------ DATA SECTION ------

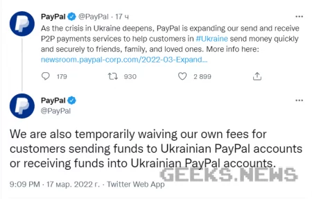 Платіжна система PayPal не стояла осторонь та засудила окупаційну війну рф проти України. Також, зі своєї сторони сервіс зробив низку рішень, спрямованих на допомогу Україні.
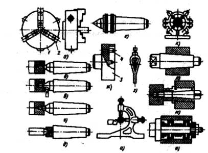 Опорные центры делают с твердосплавными наконечниками, срезанные центры применяют для обтачивания торцев, шариковые - для обтачивания конических поверхностей методом сдвига задней бабки, обратные - при обработке небольших диаметров.
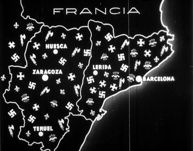 | Contenido: Mapa de posiciones del Frente de Aragón. No conservamos en el Museo de Bielsa el documental al que pertenece esta imagen. |
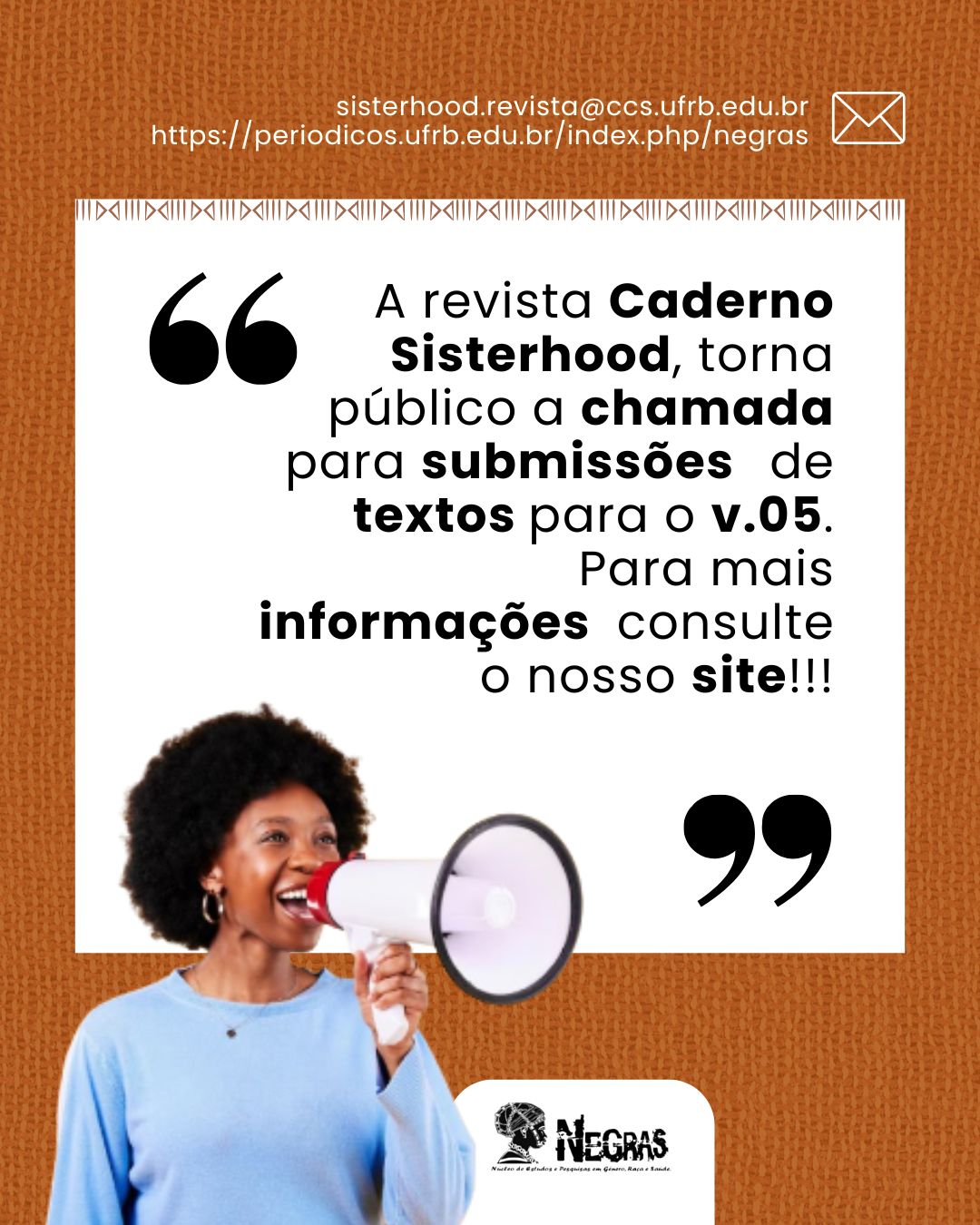O Núcleo de Estudos e Pesquisas em Gênero, Raça e Saúde (NEGRAS), vinculado ao Centro de Ciências da Saúde da UFRB, tem o prazer de anunciar a abertura da V edição do Caderno Sisterhood. Esta publicação semestral acolhe contribuições nas modalidades de artigo acadêmico, resenha, relato de experiência, entrevista e produção artística (poesia, narrativa entre outras), valorizando perspectivas fundamentadas nas intersecções de raça, gênero e saúde. Por meio desta chamada, convidamos pesquisadoras e pesquisadores a enviar seus manuscritos."
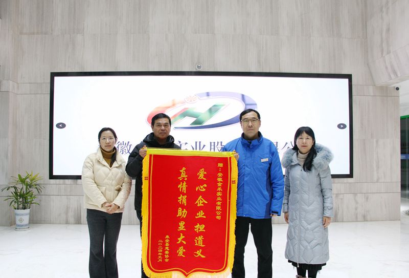 1月18日下午,来安县慈善协会会长岳华,县民政局党组书记、局长韩先秀,党组成员、副局长曹春一行来公司赠送“爱心企业担道义,真情捐助显大爱”锦旗,对公司高层领导关心我县慈善事业发展工作表示感谢。公司工会主席梁方亚代表公司接受锦旗,并与慈善协会岳华会长等进行了座谈交流。
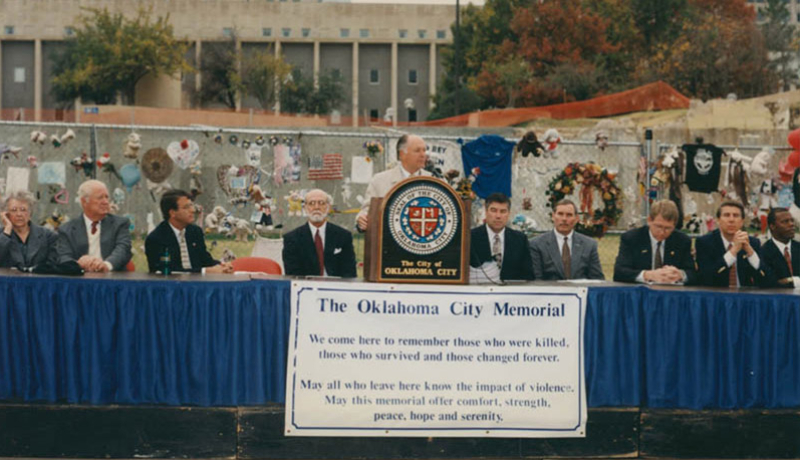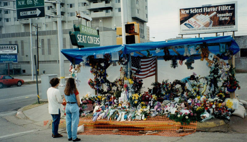 Soon after the bombing of the Alfred P. Murrah Federal Building, people wanted to express their pain and solidarity with family members of those killed, survivors and first responders. They began to create their own personal memorials. All around the perimeter of the crime scene, spontaneous memorials for those killed or injured began appearing, along with items thanking the efforts of the first responders. The site was adorned with hundreds of notes, banners, beautiful flowers and a menagerie of stuffed animals. Individuals from all over the country begin to respond by sending thousands of unsolicited memorial ideas to Governor Frank Keating and Mayor Ronald Norick. As the months passed, it was obvious that people wanted – and needed – to remember.

------

* [WHAT THE TASK REQUIRES]:
Would you repeat the material above exactly, line for line, from its first line to the line with "esta imagen. |", including both and skipping every picture?

* [EXERCISE RESULT]:
 Платіжна система PayPal не стояла осторонь та засудила окупаційну війну рф проти України. Також, зі своєї сторони сервіс зробив низку рішень, спрямованих на допомогу Україні.
 Опорные центры делают с твердосплавными наконечниками, срезанные центры применяют для обтачивания торцев, шариковые - для обтачивания конических поверхностей методом сдвига задней бабки, обратные - при обработке небольших диаметров.
 | Contenido: Mapa de posiciones del Frente de Aragón. No conservamos en el Museo de Bielsa el documental al que pertenece esta imagen. |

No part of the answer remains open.